Electroacupuncture Reduced Airway Inflammation by Activating Somatosensory–Sympathetic Pathways in Allergic Asthmatic Rats
Electroacupuncture (EA) has been recognized as an effective treatment for various respiratory disorders, including asthma. However, the underlying mechanisms by which EA protects lung function remain poorly understood. This study aimed to explore the neuroanatomical mechanisms through which EA stimulation at the BL13 acupoint (Feishu) improves asthma symptoms. The findings reveal that EA reduces airway inflammation and mucus secretion by activating somatosensory–sympathetic pathways, providing a new explanation and clinical basis for the use of EA-BL13 in treating allergic asthma and other respiratory disorders.
Introduction
Acupuncture, a traditional Chinese medicine practice, has been shown to reduce airway inflammation and improve lung function in respiratory disorders. Although the physical presence of meridian channels has not been proven, contemporary studies suggest that somatosensory–autonomic pathways may explain the functional connections between somatic regions and internal organs. Somatic stimulation activates primary sensory neurons, which transmit sensory information from the spinal cord to the brain or subsequent spinal neurons, thereby activating the autonomic nervous system. Previous studies have demonstrated that EA stimulation initiates vagal or sympathetic efferent pathways to inhibit systemic inflammation.
The lung is innervated by both sympathetic and parasympathetic nerves. The sympathetic nervous system causes the relaxation of bronchial smooth muscle and inhibits mucus secretion, while the parasympathetic system has the opposite effect. Sympathetic preganglionic neurons (SPNs) are located in the intermediolateral (IML) nuclei of the spinal cord and send postganglionic fibers to the sympathetic trunk. Catecholamines released from these fibers target adrenergic receptors (ARs), which are involved in bronchodilation and inflammatory responses.

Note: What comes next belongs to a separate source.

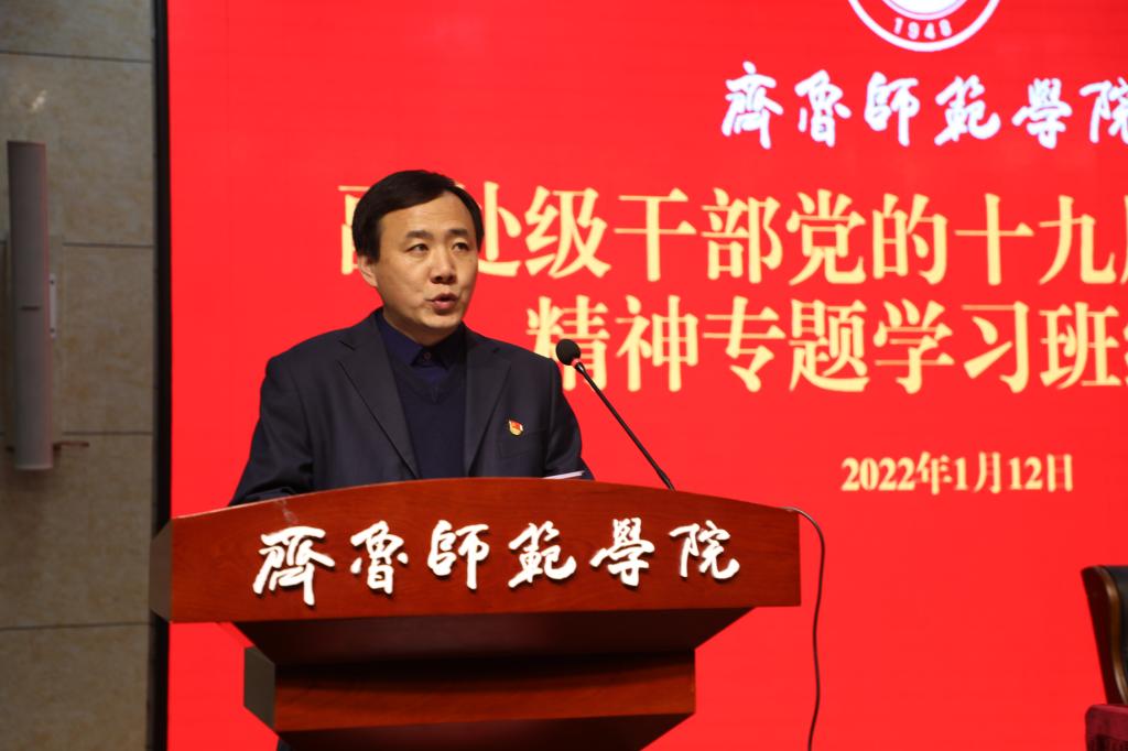 1月12日下午,在章丘校区学术报告厅举行了副处级干部党的十九届六中全会精神专题学习班结业式。党委书记王玉华出席仪式并讲话,全体学员参加了仪式。结业式由党委委员、组织部部长李伯伟主持。

Asthma is a chronic airway inflammatory disease affecting over 350 million people worldwide. Despite available treatments, more than half of asthma patients do not achieve adequate symptom control. Previous studies have suggested that acupuncture is effective in treating allergic asthma. This study used an ovalbumin (OVA)-induced allergic asthma model to investigate the neuroanatomical mechanisms of EA-BL13 in improving asthma symptoms.
Methods
Animals and Experimental Design
Male Sprague-Dawley rats (180–200 g) were used in this study. All experiments followed the principles of the Regulation for Administration of Affairs Concerning Experimental Animals (China) and were approved by the Institutional Animal Care and Use Committee of China-Japan Friendship Institute of Clinical Medical Sciences. Rats were randomly divided into four groups: sham, sham + preEA, asthma, and asthma + preEA. Another set of rats was divided into four groups to assess the effect of EA after OVA induction: sham, sham + postEA, asthma, and asthma + postEA.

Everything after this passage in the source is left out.